> _PROBLEM TO WORK ON_: Pictures appear among the records below and must be omitted. Repeat exactly the lines from the line with "ーーー メタルスタッズパーツが目を惹くブーツ ーーー" to the line with "Un arrière - plan", both included.

○ ○ ○

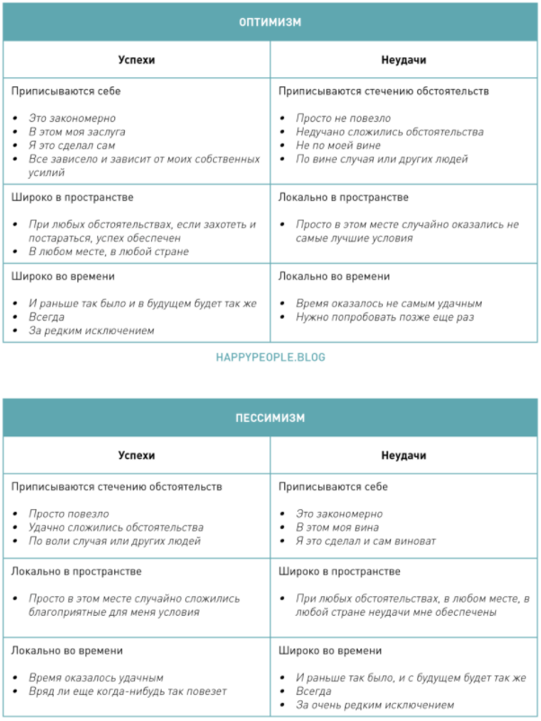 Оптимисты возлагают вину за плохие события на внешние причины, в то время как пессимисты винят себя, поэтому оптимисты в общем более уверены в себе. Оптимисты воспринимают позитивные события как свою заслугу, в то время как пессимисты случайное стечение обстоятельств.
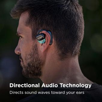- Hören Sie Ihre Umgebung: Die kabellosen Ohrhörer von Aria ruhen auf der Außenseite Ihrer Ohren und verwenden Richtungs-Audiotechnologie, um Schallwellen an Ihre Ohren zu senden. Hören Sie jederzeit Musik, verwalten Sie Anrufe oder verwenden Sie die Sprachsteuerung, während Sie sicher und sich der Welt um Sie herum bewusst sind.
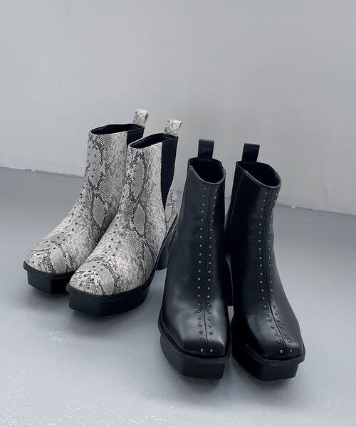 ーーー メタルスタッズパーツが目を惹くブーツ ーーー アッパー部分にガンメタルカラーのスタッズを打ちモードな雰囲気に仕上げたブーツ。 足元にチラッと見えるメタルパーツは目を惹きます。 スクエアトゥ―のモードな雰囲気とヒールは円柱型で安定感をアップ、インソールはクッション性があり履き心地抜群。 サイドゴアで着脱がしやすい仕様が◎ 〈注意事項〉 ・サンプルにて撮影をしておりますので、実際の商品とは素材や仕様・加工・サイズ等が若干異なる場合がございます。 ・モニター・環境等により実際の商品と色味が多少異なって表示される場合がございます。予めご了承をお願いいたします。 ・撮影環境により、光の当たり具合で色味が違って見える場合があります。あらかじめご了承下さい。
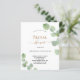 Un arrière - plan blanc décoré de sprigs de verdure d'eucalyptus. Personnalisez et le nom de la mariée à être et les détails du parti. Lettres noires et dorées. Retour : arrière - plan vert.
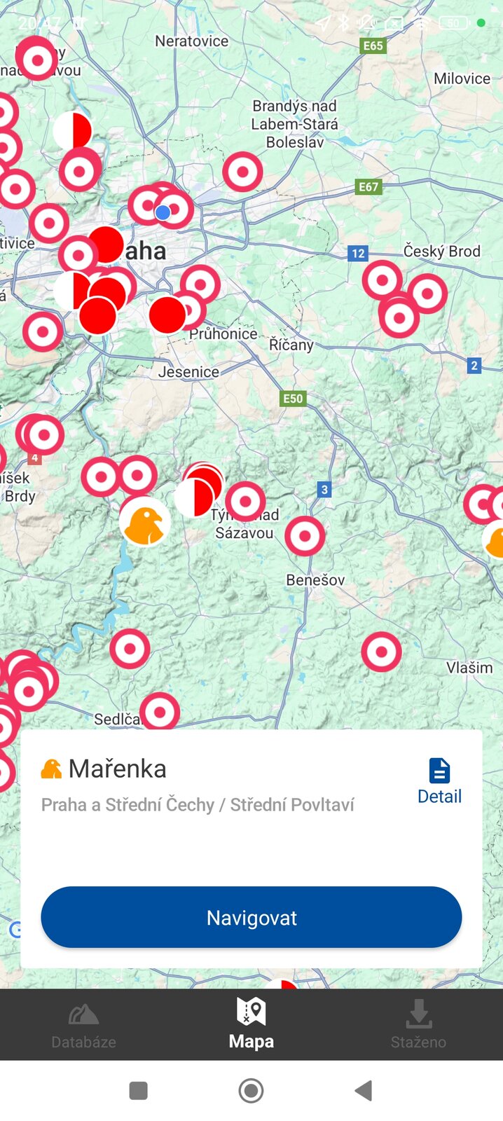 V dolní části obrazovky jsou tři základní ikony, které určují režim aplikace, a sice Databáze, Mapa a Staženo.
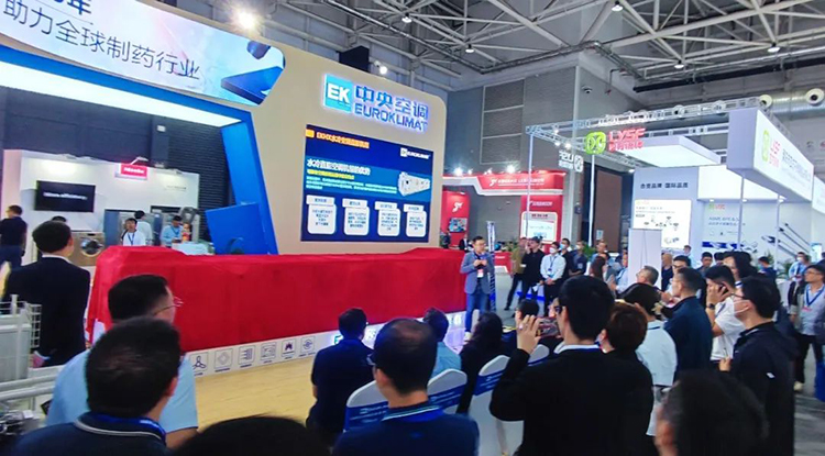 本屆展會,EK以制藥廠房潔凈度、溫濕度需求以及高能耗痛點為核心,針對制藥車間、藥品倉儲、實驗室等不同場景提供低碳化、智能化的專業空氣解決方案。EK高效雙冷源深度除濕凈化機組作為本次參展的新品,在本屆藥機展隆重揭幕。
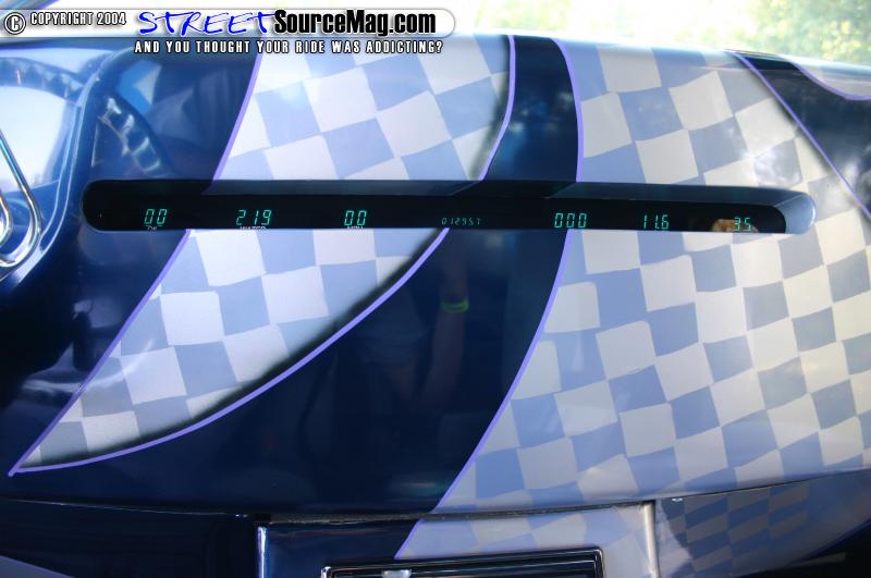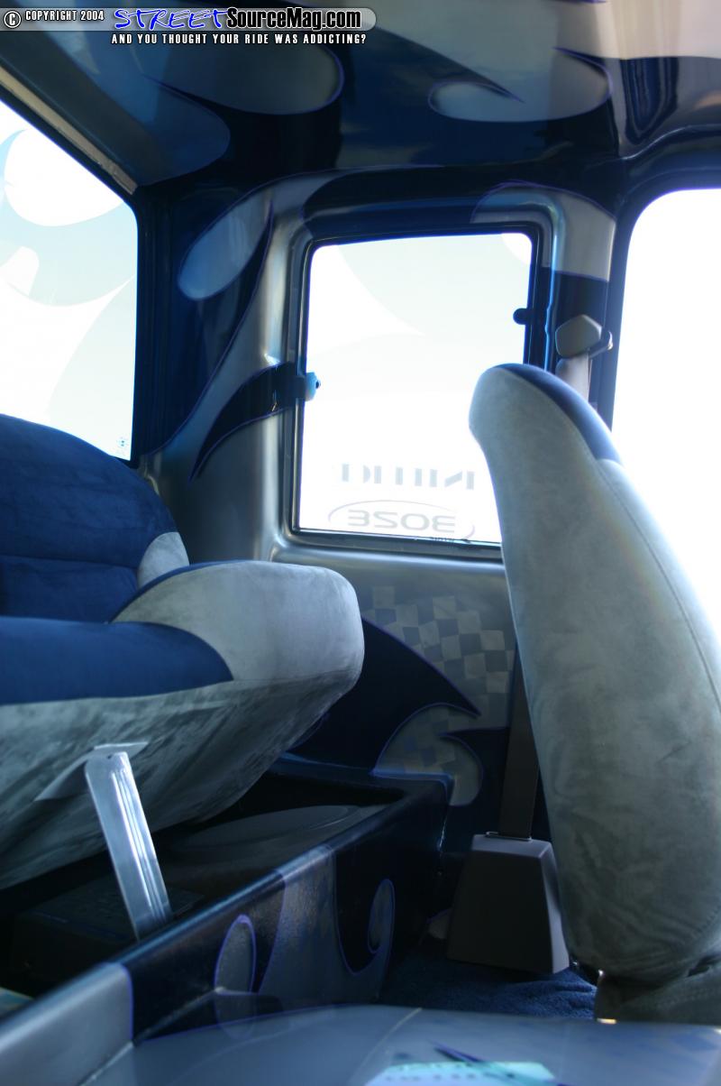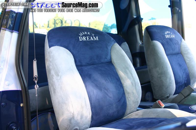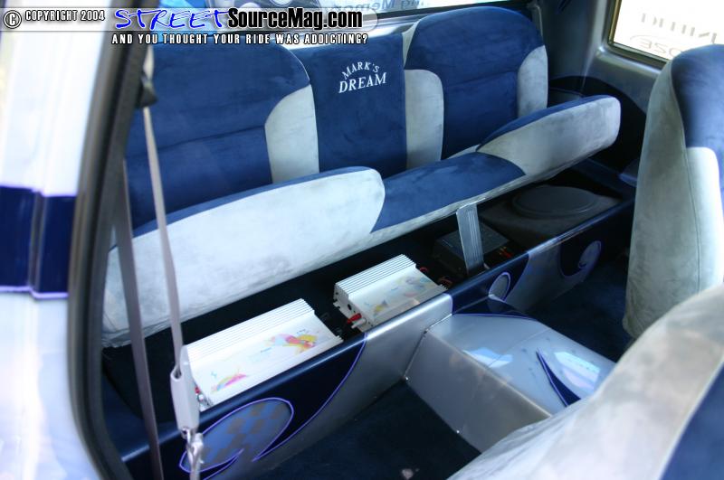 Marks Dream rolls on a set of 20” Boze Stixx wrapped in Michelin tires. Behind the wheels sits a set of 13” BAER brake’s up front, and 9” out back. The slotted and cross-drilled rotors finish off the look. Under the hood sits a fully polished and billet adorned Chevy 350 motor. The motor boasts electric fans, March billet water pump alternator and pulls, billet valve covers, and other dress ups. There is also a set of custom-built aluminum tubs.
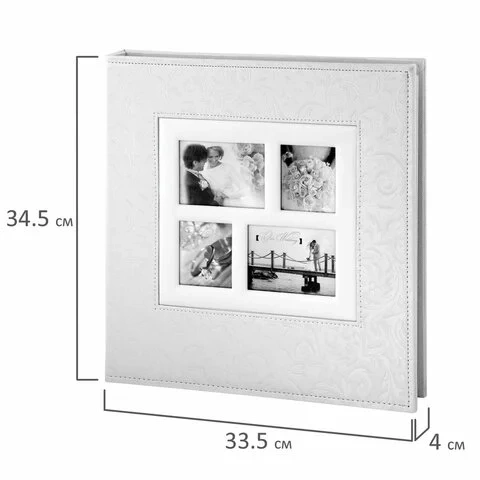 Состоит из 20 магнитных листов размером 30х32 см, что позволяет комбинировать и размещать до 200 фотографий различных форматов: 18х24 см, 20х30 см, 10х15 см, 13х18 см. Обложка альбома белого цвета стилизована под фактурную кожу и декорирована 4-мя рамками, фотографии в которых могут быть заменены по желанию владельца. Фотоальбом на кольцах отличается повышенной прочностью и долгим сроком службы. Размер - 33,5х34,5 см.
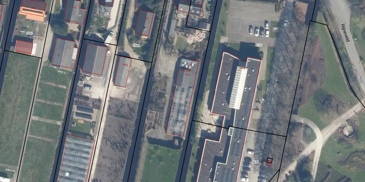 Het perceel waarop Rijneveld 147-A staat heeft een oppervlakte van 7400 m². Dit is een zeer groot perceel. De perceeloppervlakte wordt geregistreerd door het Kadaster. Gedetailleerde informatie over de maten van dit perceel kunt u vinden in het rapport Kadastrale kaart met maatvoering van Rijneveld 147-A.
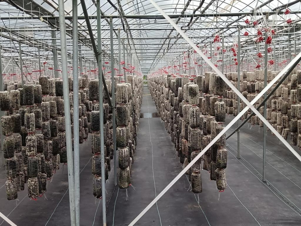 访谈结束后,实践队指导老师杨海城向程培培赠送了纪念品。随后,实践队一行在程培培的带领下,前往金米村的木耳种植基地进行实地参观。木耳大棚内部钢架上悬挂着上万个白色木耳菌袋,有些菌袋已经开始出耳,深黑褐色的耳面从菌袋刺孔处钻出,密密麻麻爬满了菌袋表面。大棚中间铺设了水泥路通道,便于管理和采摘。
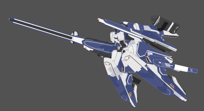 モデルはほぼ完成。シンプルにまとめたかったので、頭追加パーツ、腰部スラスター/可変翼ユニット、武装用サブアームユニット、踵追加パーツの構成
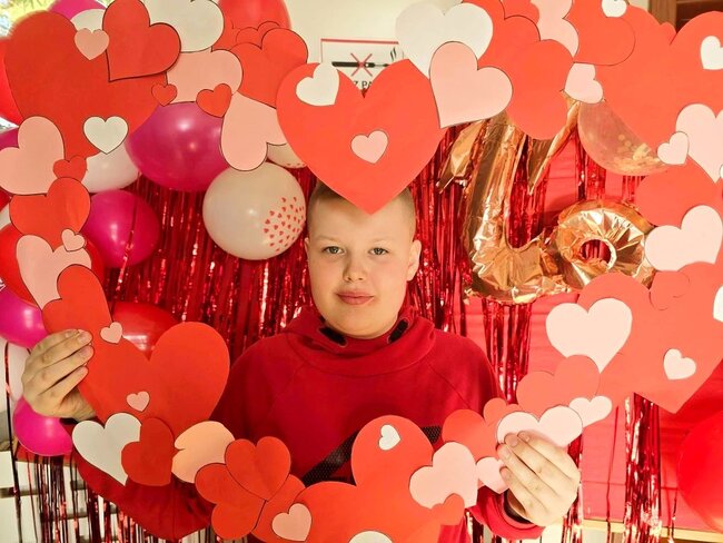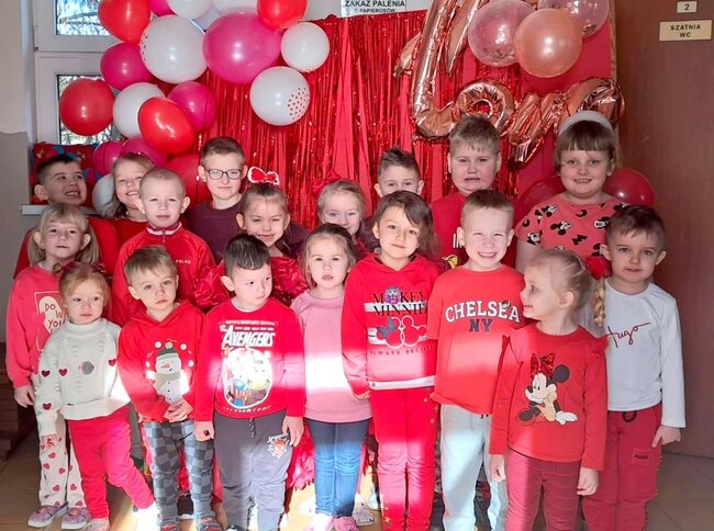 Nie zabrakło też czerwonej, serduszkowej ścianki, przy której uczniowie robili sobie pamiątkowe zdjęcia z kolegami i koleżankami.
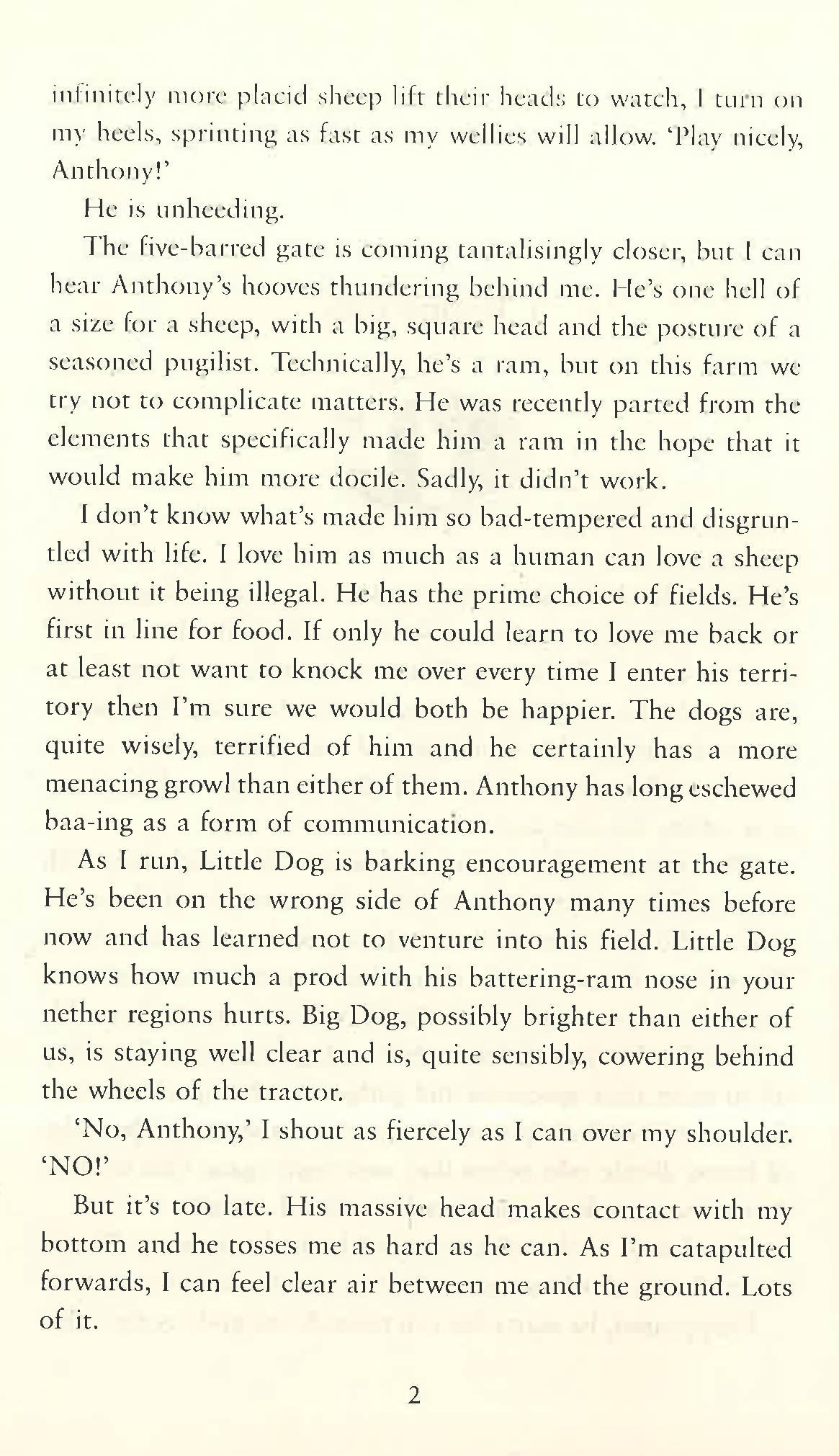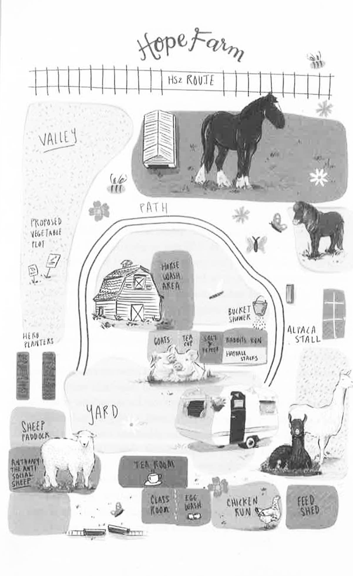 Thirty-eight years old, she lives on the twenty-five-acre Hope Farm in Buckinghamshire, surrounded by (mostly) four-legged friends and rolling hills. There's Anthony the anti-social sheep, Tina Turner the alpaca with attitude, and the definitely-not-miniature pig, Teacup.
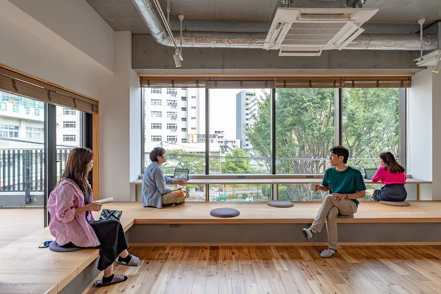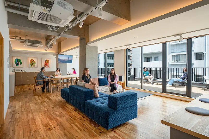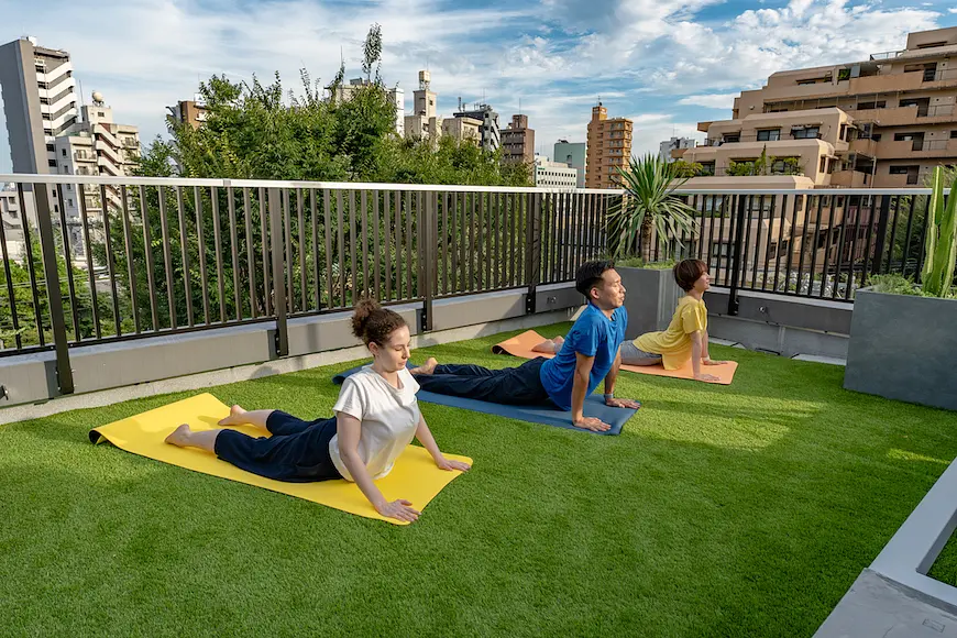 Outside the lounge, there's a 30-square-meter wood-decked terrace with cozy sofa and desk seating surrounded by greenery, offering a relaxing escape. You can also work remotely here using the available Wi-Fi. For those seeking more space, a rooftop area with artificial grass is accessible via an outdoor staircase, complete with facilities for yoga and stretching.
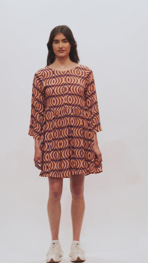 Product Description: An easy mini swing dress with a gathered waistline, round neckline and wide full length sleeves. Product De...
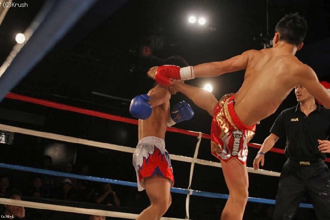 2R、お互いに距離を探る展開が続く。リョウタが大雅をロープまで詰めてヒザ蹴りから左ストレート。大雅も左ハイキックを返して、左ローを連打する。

○ ○ ○

> _REPLY TO THE EXERCISE_:
 ーーー メタルスタッズパーツが目を惹くブーツ ーーー アッパー部分にガンメタルカラーのスタッズを打ちモードな雰囲気に仕上げたブーツ。 足元にチラッと見えるメタルパーツは目を惹きます。 スクエアトゥ―のモードな雰囲気とヒールは円柱型で安定感をアップ、インソールはクッション性があり履き心地抜群。 サイドゴアで着脱がしやすい仕様が◎ 〈注意事項〉 ・サンプルにて撮影をしておりますので、実際の商品とは素材や仕様・加工・サイズ等が若干異なる場合がございます。 ・モニター・環境等により実際の商品と色味が多少異なって表示される場合がございます。予めご了承をお願いいたします。 ・撮影環境により、光の当たり具合で色味が違って見える場合があります。あらかじめご了承下さい。
 Un arrière - plan blanc décoré de sprigs de verdure d'eucalyptus. Personnalisez et le nom de la mariée à être et les détails du parti. Lettres noires et dorées. Retour : arrière - plan vert.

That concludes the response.